# GOAL OF THE EXERCISE:
The listing is to be repeated exactly, and its pictures are to be left out.

# SUPPLIED RECORDS:
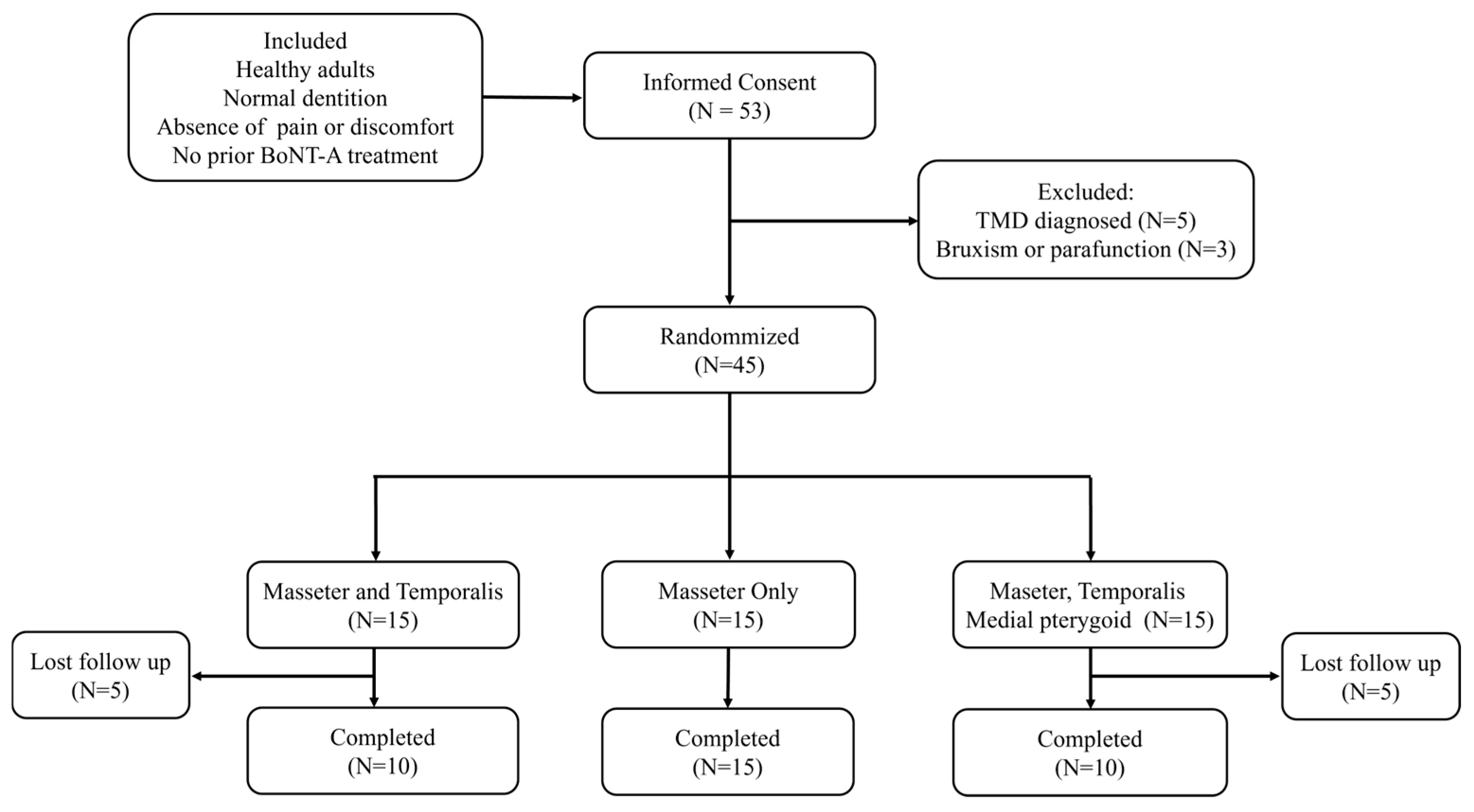 - de Souza Nobre, B.B.; de Oliveira Resende Machado, L.; Poluha, R.L.; Câmara-Souza, M.B.; Carbone, A.C.; de Almeida, A.M.; Grigoriadis, A.; Kumar, A.; De la Torre Canales, G. Temporalis Muscle Changes Following Botulinum Toxin A Injections in Masseter Hypertrophy Patients: A Randomized Triple-Blinded Trial. Aesthet. Plast. Surg. 2024, 48, 3979–3987. [Google Scholar] [CrossRef]
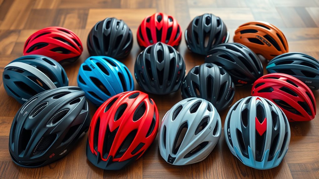 When choosing a bike helmet, style options play a crucial role in both how it looks and how well it suits your riding habits. Helmets come in various designs, from sleek urban models to sporty mountain bike styles and casual options. Color choices range from bright, high-visibility hues to subtle matte finishes, helping you match your style or boost safety. Design features like visors, integrated LED lights, and customizable color schemes allow you to blend safety with personal expression. The aesthetic appeal of a helmet can influence how often you wear it, making style an important factor for consistent safety. Ultimately, finding a helmet that reflects your personality while fitting your riding needs ensures you’ll wear it comfortably and confidently every time.
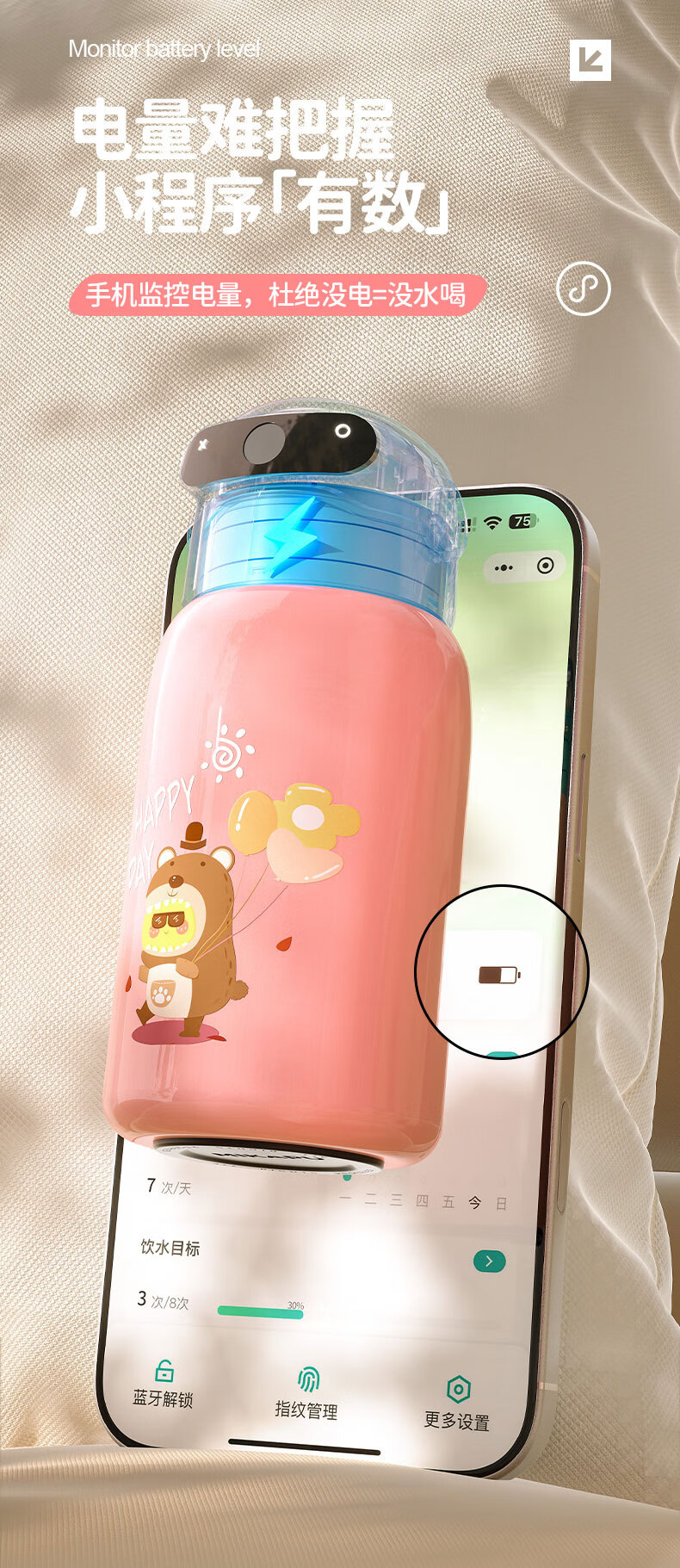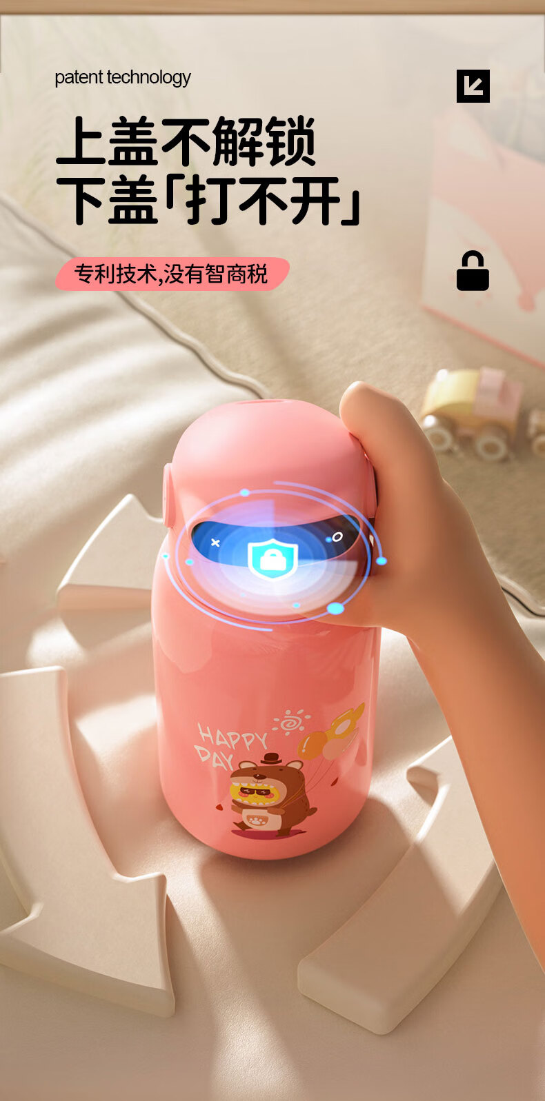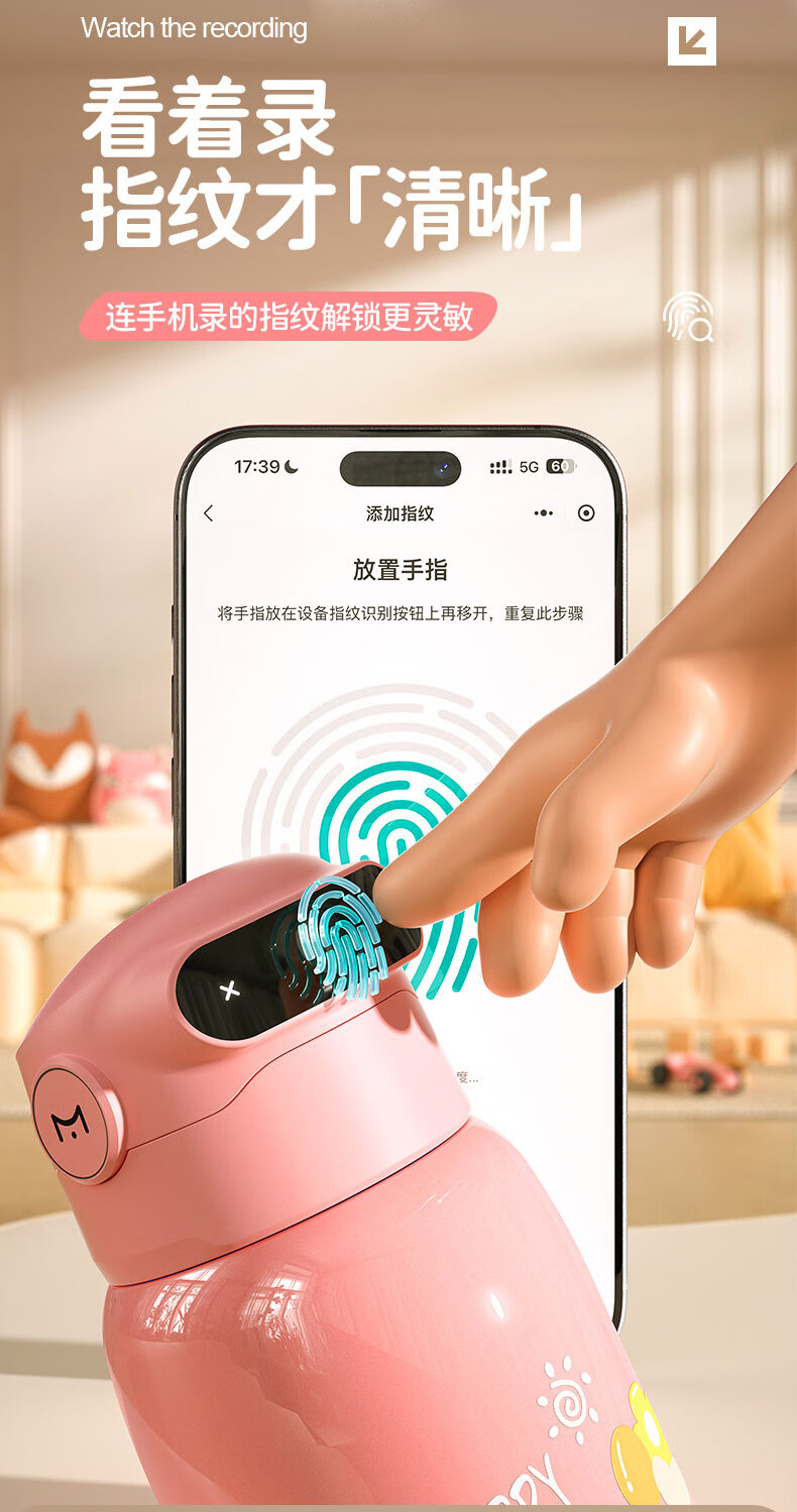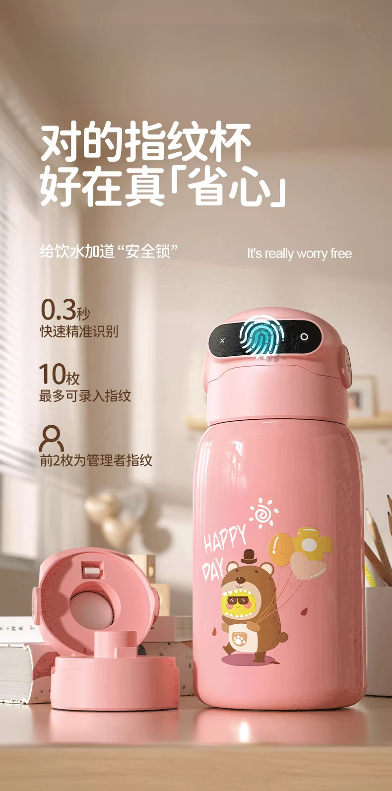 指纹解锁保温杯儿童学生上学专用女2025新款智能密码水杯 圆气粉550ml 【智能蓝牙版+316不锈钢】
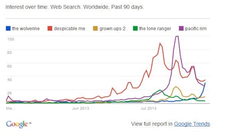 Maybe that won’t be an issue, but pure superhero movies have outperformed this summer while lesser-known comic-book adaptations have struggled. The Walt Disney Company (NYSE:DIS)‘s Iron Man 3 wowed audiences on the way to $1.2 billion in worldwide box office receipts. Time Warner Inc (NYSE:TWX)‘s Man of Steel earned $636 million at the global gate. Universal’s $130 million adaptation, R.I.P.D., got zero boost from Comic-Con, having earned just $25 million worldwide in its first week.
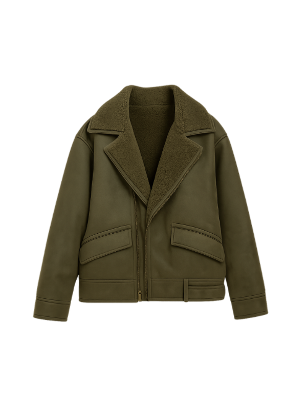 Designed with a buttoned front and a plush shearling collar this jacket delivers a standout silhouette with added warmth. The green color adds depth and individuality making it a stylish choice for casual wear and statement winter outfits.
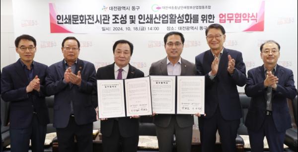 대전 동구는 18일 대전세종충남인쇄정보산업협동조합과 인쇄 문화전시관 조성과 인쇄산업 활성화를 위한 업무협약을 체결했다.
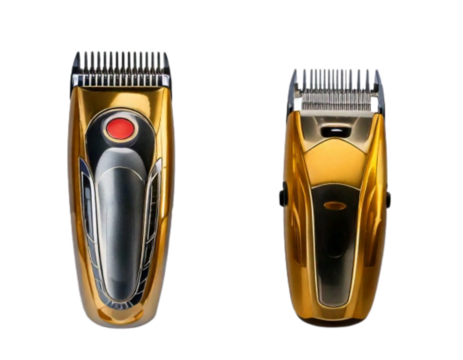 Golden hair clipper and silver hair clipper side by side isolated on transparent background
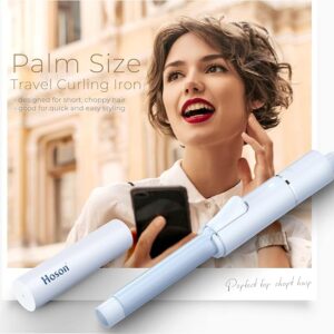 Ceramic 3/4 Inch Mini Curling Iron for Short Hair, Small Hair Curler Iron for Travel, Dual Voltage Curling Wand for Worldwide Trip(Baby Blue)
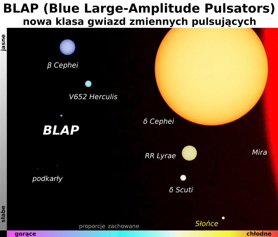 Porównanie rozmiarów gwiazd pulsujących różnych typów. Autor: Paweł Pietrukowicz / Obserwatorium Astronomiczne UWDzięki regularnym pomiarom jasności ponad miliarda gwiazd naszej Galaktyki astronomowie z prowadzonego w Obserwatorium Astronomicznym Uniwersytetu Warszawskiego projektu The Optical Gravitational Lensing Experiment (OGLE) odkryli nieznaną klasę gwiazd zmiennych pulsujących. Dodatkowe obserwacje pokazały, że są to obiekty znacznie gorętsze od Słońca. Niezwykłą cechą nowoodkrytych gwiazd jest ogromna zmiana ich parametrów fizycznych zachodząca w ciągu zaledwie około pół godziny. Tak szybkich zmian nie obserwowano dotąd w przypadku żadnych innych obiektów pulsujących. Modele teoretyczne potwierdzają, że takie zachowanie jest możliwe, ale wielką zagadką pozostaje pochodzenie takich gwiazd. Odkrycie nowej klasy gwiazd pulsujących astronomowie ogłosili w prestiżowym czasopiśmie
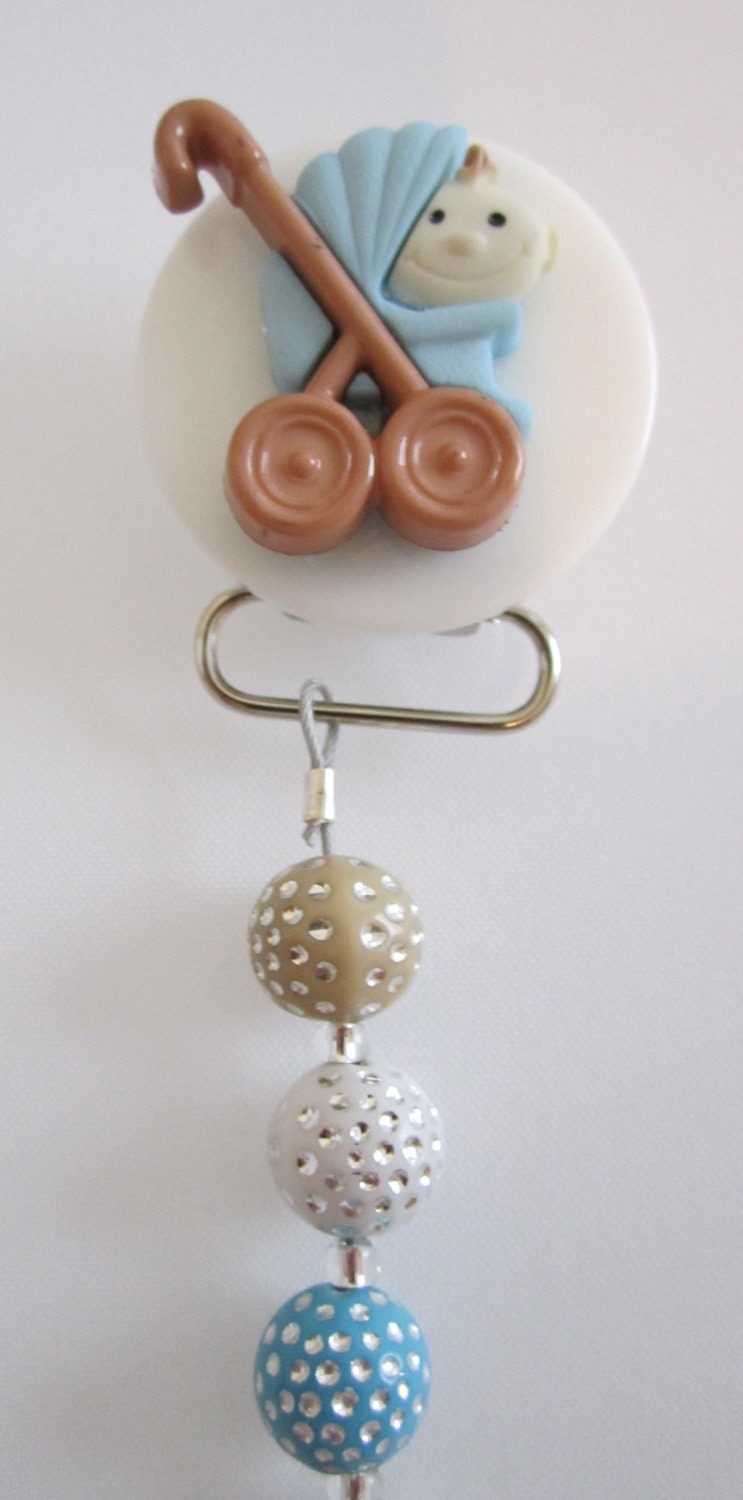 Adorable Blue Stroller pacifier clip is accented with Blue and white acrylic beads.

# SOLVED PROBLEM:
 - de Souza Nobre, B.B.; de Oliveira Resende Machado, L.; Poluha, R.L.; Câmara-Souza, M.B.; Carbone, A.C.; de Almeida, A.M.; Grigoriadis, A.; Kumar, A.; De la Torre Canales, G. Temporalis Muscle Changes Following Botulinum Toxin A Injections in Masseter Hypertrophy Patients: A Randomized Triple-Blinded Trial. Aesthet. Plast. Surg. 2024, 48, 3979–3987. [Google Scholar] [CrossRef]
 When choosing a bike helmet, style options play a crucial role in both how it looks and how well it suits your riding habits. Helmets come in various designs, from sleek urban models to sporty mountain bike styles and casual options. Color choices range from bright, high-visibility hues to subtle matte finishes, helping you match your style or boost safety. Design features like visors, integrated LED lights, and customizable color schemes allow you to blend safety with personal expression. The aesthetic appeal of a helmet can influence how often you wear it, making style an important factor for consistent safety. Ultimately, finding a helmet that reflects your personality while fitting your riding needs ensures you’ll wear it comfortably and confidently every time.
 指纹解锁保温杯儿童学生上学专用女2025新款智能密码水杯 圆气粉550ml 【智能蓝牙版+316不锈钢】
 Maybe that won’t be an issue, but pure superhero movies have outperformed this summer while lesser-known comic-book adaptations have struggled. The Walt Disney Company (NYSE:DIS)‘s Iron Man 3 wowed audiences on the way to $1.2 billion in worldwide box office receipts. Time Warner Inc (NYSE:TWX)‘s Man of Steel earned $636 million at the global gate. Universal’s $130 million adaptation, R.I.P.D., got zero boost from Comic-Con, having earned just $25 million worldwide in its first week.
 Designed with a buttoned front and a plush shearling collar this jacket delivers a standout silhouette with added warmth. The green color adds depth and individuality making it a stylish choice for casual wear and statement winter outfits.
 대전 동구는 18일 대전세종충남인쇄정보산업협동조합과 인쇄 문화전시관 조성과 인쇄산업 활성화를 위한 업무협약을 체결했다.
 Golden hair clipper and silver hair clipper side by side isolated on transparent background
 Ceramic 3/4 Inch Mini Curling Iron for Short Hair, Small Hair Curler Iron for Travel, Dual Voltage Curling Wand for Worldwide Trip(Baby Blue)
 Porównanie rozmiarów gwiazd pulsujących różnych typów. Autor: Paweł Pietrukowicz / Obserwatorium Astronomiczne UWDzięki regularnym pomiarom jasności ponad miliarda gwiazd naszej Galaktyki astronomowie z prowadzonego w Obserwatorium Astronomicznym Uniwersytetu Warszawskiego projektu The Optical Gravitational Lensing Experiment (OGLE) odkryli nieznaną klasę gwiazd zmiennych pulsujących. Dodatkowe obserwacje pokazały, że są to obiekty znacznie gorętsze od Słońca. Niezwykłą cechą nowoodkrytych gwiazd jest ogromna zmiana ich parametrów fizycznych zachodząca w ciągu zaledwie około pół godziny. Tak szybkich zmian nie obserwowano dotąd w przypadku żadnych innych obiektów pulsujących. Modele teoretyczne potwierdzają, że takie zachowanie jest możliwe, ale wielką zagadką pozostaje pochodzenie takich gwiazd. Odkrycie nowej klasy gwiazd pulsujących astronomowie ogłosili w prestiżowym czasopiśmie
 Adorable Blue Stroller pacifier clip is accented with Blue and white acrylic beads.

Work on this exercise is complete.